Несколько огорченный я направил беседу в менее опасное русло: идет ли
она в Захсельн, согласна ли, что погода чудесная и пейзаж прекрасен и т. д.
На первый взгляд эта случайная встреча не могла иметь никакого
значения, но внутренний смысл ее был таков, что я размышлял о ней много
дней, и она навсегда осталась в моей памяти. В то время я был еще в том
детском состоянии, когда жизнь состоит из отдельных, разобщенных
впечатлений. Как мог я угадать нити судьбы, связавшие брата Клауса и
хорошенькую девушку?
Все это время меня раздирали противоречивые мысли. Во-первых,
Шопенгауэр и христианство никак не складывались в единое целое, во-вторых,
мой "номер 1" желал освободиться от тягостной меланхолии "номера 2", тогда
как "второму" бывало тяжело вспоминать о "первом". Из этого противоборства и
возникла моя первая систематическая фантазия. Она развивалась постепенно, и
у истоков ее, насколько я помню, стояло впечатление, глубоко меня
взволновавшее.
Однажды северо-западный ветер поднял на Рейне волны. Я шел в школу
вдоль реки и внезапно увидел приближающийся с севера корабль, нижний парус
его главной мачты развевался по ветру. Это было нечто совершенно новое для
меня - парусный корабль на Рейне! Мое воображение расправило крылья. Если бы
не было этой бурной реки, а весь Эльзас превратился в озеро, У нас были бы
парусники и большие пароходы. Базель стал бы портовым городом, и вся наша
жизнь походила бы на жизнь у моря. Тогда все выглядело бы иначе - наша жизнь
проходила бы в другом времени и другом мире, где нет гимназии, нет долгого
пути в школу. Себя в этом мире я видел уже взрослым, самостоятельным
человеком. Над озером поднимался бы скалистый холм, соединенный с берегом
узким перешейком, который пересекал бы широкий канал с деревянным мостом,
ведущим к воротам с башнями по бокам. За воротами открывался бы маленький
средневековый город с домами, разбросанными на склонах холма. На скале
возвышался бы хорошо укрепленный замок с высокой сторожевой башней - это мой
дом. Он не блистал роскошью - этот небольшой дом с маленькими, обшитыми
деревом комнатами, с библиотекой, где любой мог найти все, что стоит знать.

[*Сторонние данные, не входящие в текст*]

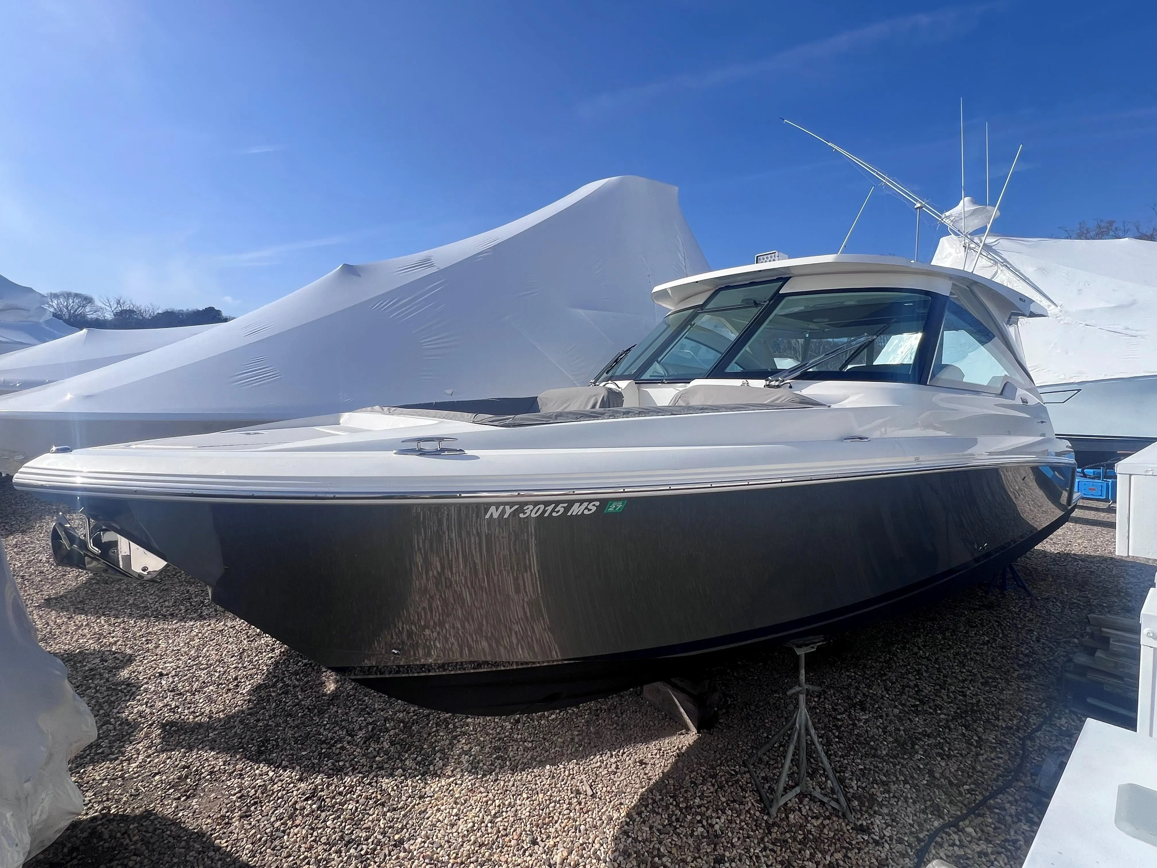 CANVAS: Bow seating weather cover, aft cockpit retractable sunshade, Aft cockpit seating weather cover, helm surface and helm seating weather cover, TV Cover, side and 3-piece aft enclosure.
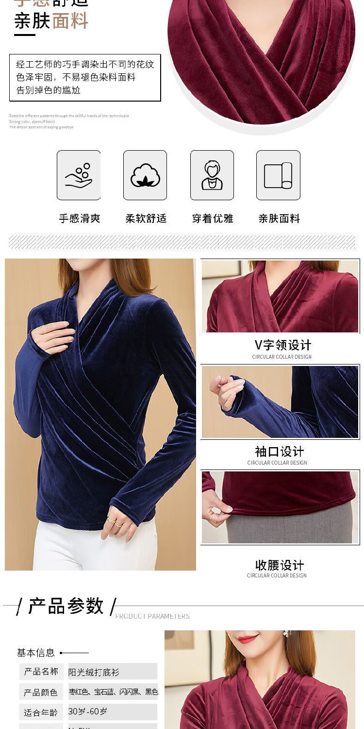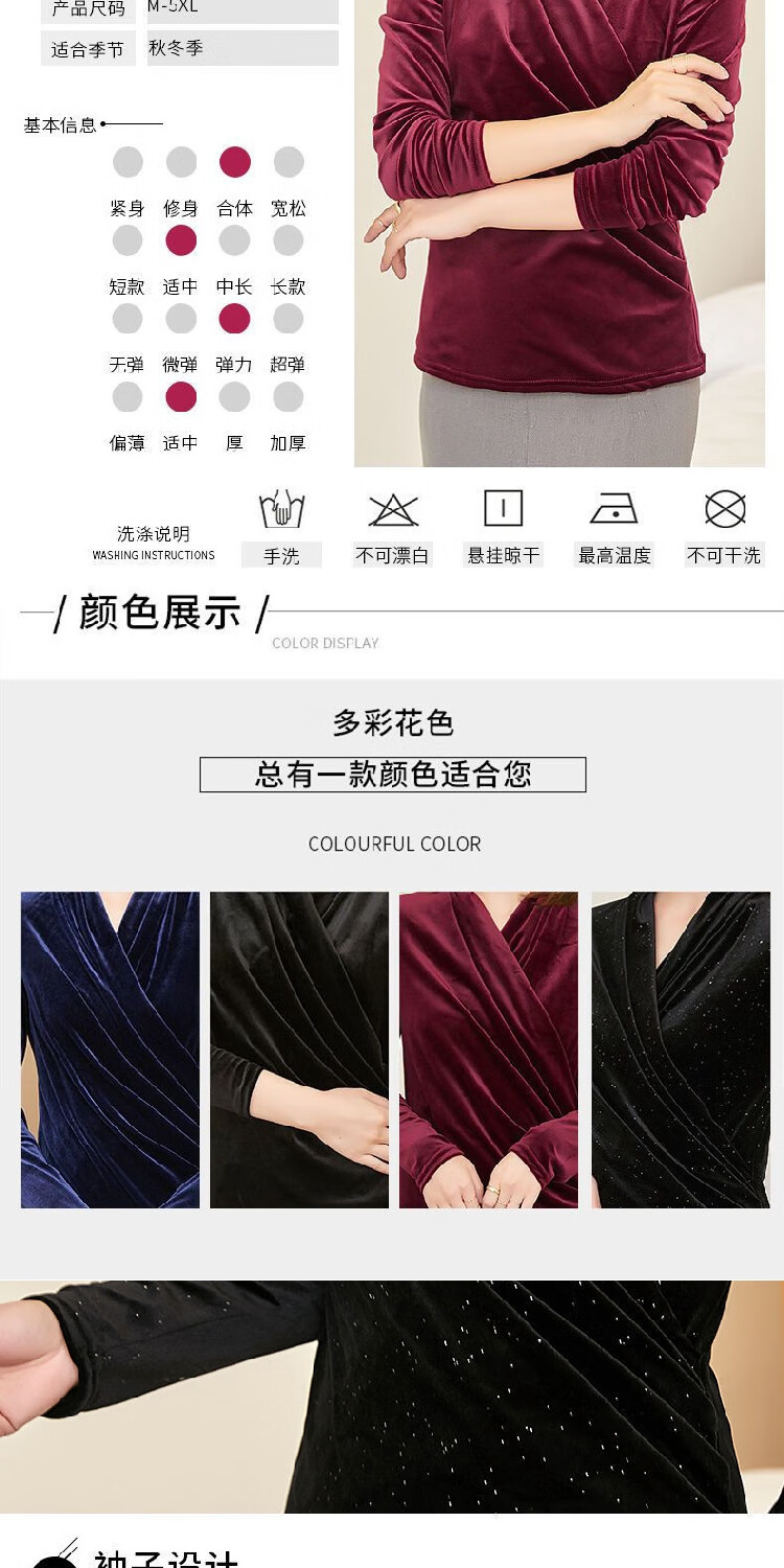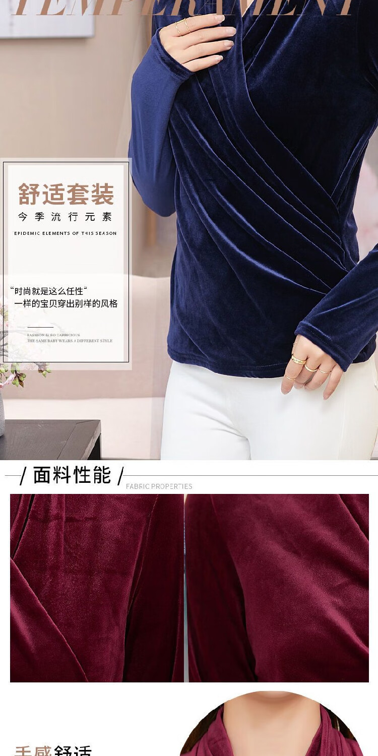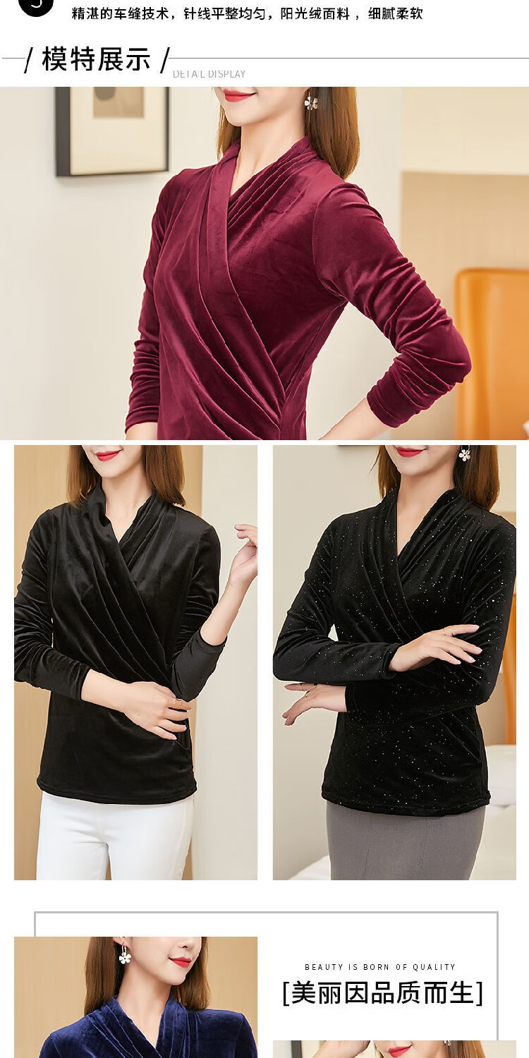 Black V-neck autumn top for women, slim waisted long-sleeved gold velvet European style fashionable European station T-shirt for women blue velvet thickened 2XL recommended 135-150 catties

В замке хранилась коллекция оружия, а на бастионах стояли тяжелые пушки: его
охранял гарнизон из пятидесяти тяжеловооруженных воинов. В маленьком городе
жили несколько сотен жителей, им управляли мэр и совет старейшин. Сам я был
мировым судьей, посредником и советником и появлялся лишь время от времени,
чтобы собрать суд. В порту, расположенном с материковой стороны, стояла моя
двухмачтовая шхуна с несколькими пушками на борту.
Nervus rerum и raison d'etre (сутью и смыслом. - лат., фр.) всего
творения был секрет главной башни, известный мне одному. Последняя мысль
показалась мне удивительной: я представил себе тянущийся от зубчатых стен в
подземелье тяжелый медный кабель из проволоки, толщиной в человеческую руку,
наверху разветвленный, как крона дерева, или - еще лучше - как главный
корень, перевернутый кверху и развернувшийся в воздухе. Он втягивал нечто
непостижимое, нечто, идущее по медному кабелю в подземелье. Там у меня была
установлена необыкновенная аппаратура, оборудована своего рода лаборатория,
где я добывал золото из таинственной субстанции, которую медные "щупальца"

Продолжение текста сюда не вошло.